Work instructions:
Where does the string "with" occur in the records? Copy each line that holds it.

Data for processing:
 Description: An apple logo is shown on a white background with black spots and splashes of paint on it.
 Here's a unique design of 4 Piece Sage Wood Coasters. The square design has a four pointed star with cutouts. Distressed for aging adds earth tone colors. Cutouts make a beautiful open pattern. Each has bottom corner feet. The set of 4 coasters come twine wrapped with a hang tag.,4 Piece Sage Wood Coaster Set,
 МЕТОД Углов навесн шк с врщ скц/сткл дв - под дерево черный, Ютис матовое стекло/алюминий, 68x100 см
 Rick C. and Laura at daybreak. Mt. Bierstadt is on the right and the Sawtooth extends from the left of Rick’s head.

* * *

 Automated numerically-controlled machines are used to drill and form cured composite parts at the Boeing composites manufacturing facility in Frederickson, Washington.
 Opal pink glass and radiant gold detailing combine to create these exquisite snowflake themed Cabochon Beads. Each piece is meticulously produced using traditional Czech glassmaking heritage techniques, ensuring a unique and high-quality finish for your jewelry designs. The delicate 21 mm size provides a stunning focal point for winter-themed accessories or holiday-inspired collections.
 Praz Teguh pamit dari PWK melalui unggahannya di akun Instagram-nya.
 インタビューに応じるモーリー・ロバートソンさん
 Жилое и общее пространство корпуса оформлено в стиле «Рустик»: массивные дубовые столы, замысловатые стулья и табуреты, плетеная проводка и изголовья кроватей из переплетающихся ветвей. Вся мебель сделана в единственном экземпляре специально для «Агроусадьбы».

Exercise answer:
 Description: An apple logo is shown on a white background with black spots and splashes of paint on it.
 Here's a unique design of 4 Piece Sage Wood Coasters. The square design has a four pointed star with cutouts. Distressed for aging adds earth tone colors. Cutouts make a beautiful open pattern. Each has bottom corner feet. The set of 4 coasters come twine wrapped with a hang tag.,4 Piece Sage Wood Coaster Set,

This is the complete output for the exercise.